When we talk about teamwork, the image of rowing often comes to mind. All team members aim for the same goal and row in rhythm. It is a beautiful image to showcase group work. his metaphor is used frequently to describe team management. However, this management is directive. Agile (or Lean) culture is the opposite of this image.
To make the best use of everyone’s skills, and with a focus on operational excellence, participative management yields better results. When your business model is based on operational excellence, the Agile culture will best support your objectives.
Beyond the traditional joke of two companies fighting each other, I invite you to reflect on your organizational context, to choose the most appropriate management mode.
Rowing: an example of directive management
In the metaphor of rowing, the power of the group rests on three aspects: the team works
- in rhythm,
- to achieve a common goal,
- with confidence.
As the team rows harder with their backs to the goal, they rely on the coxswain. Thus, she guides the team to its destination. This is a great vote of confidence from the rowers, who don’t necessarily know where they are going.
In the working world, the manager is the coxswain. She knows where she needs to take her boat (at least her team hopes so). As a result, she assigns work and sets the pace. The team knows its destination, but is not aware of the route taken.
Organizations with a low level of autonomy use this management model. Their paternalistic and authoritarian culture is perfectly suited to this type of management. This is also the type of management recommended when you have to manage a crisis. Normally, you have defined the response beforehand. In a crisis, you focus on executing your plans.
Rafting: an example of participative management
Unfortunately, in many organizations, knowing where to go and going there in rhythm it is not enough. The hierarchical organization of rowing is ideal for quiet rivers or lakes.

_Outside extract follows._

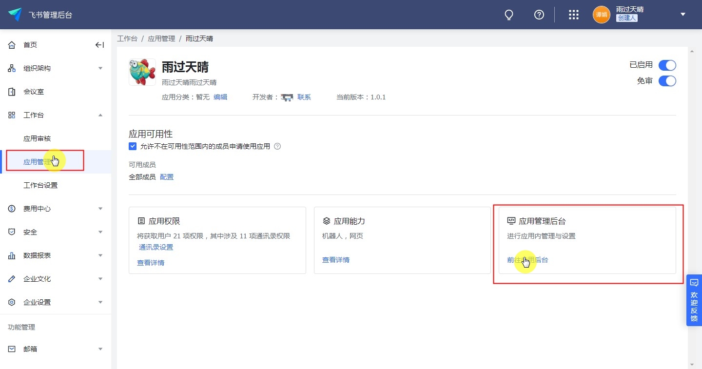注意:从飞书管理后台进入一码通系统,自动使用一码通账户登录。

On a raging river or sea, there is a large flow of water. Sometimes rapids that hide at the turn of corner. Often, branches hinder navigation. Our rowing team and its rowers, as motivated as they are, will not go very far. It takes a much more maneuverable boat to bring the team to port, like a raft. Everyone knows where to go. But more than that, each one sees the obstacles and participates as best as she can in the navigation. Some rules were given initially. But in the end, everyone works to the best of their abilities to achieve the common goal.
Deploy an Agile culture
Alone I go faster, together we go further.Proverb
Operational excellence takes us further. Organizations that have adopted the tools, but especially the principles, are indeed more efficient. Here are a few Agile culture key principles.
Create value for the customer
The organization works for the customer, it puts her at the center of its concerns. More details in my article on client experience and added value. This is the case for most organizations. If the customer is not satisfied, she goes elsewhere…
Everyone should know who their client is. I am thinking of the internal customer, the one who receives the fruit of the work, but also of the final customer, the one who pays for the product or the service, and who thus ensures the salary of all.
Align the organization
This guiding principle is identical in both directive and participative management. What is changing is the way teams are informed. In Agile organizations, daily management is standardized, with scrums, also called huddles or stand-up meetings. These daily meetings are an opportunity to shorten the iterations. Everyone knows at a high level what others are working on. Blockers are identified and quickly moved up the hierarchy.
The strategies are translated into objectives during an exchange between managers and operational teams. But this is a two-way exchange. It is a collective work.
Managers stay connected to reality by going to the Gemba regularly. The Agile culture involves respect for the individual, but above all managers’ humility.
Finally, Agile culture strives for perfection. It ensures quality at the source. Tools like the Jidoka (stop at first fault), ensure that operations remain efficient. The Agile culture is process-centric. Humans do their best with processes. If there is an error, it is a faulty process. The manager will ask the question “why?” rather than “who?”
There are a number of tools to support this approach, I describe a few in this blog. But they only work if they are used with the right mindset.
Does the Agile culture apply in your organization?
In what environment does your organization evolve? In the end, few have the “chance” to have ideal conditions to navigate. The performance of an organization is now gauged by its ability to adapt. And so that all teammates can participate in the best they need information. They must know the rules, the goal to achieve and the obstacles that stand. Hiding information from them or delaying information sharing will only increase the stress and hardships of the team. Raft-type management is a much better example of teamwork in a participatory mode.
Even if the picture is more chaotic than that of rowing, it is this type of management that increases the performance of the organizations, giving the opportunity to the whole group (and not an individual) to decide the actions.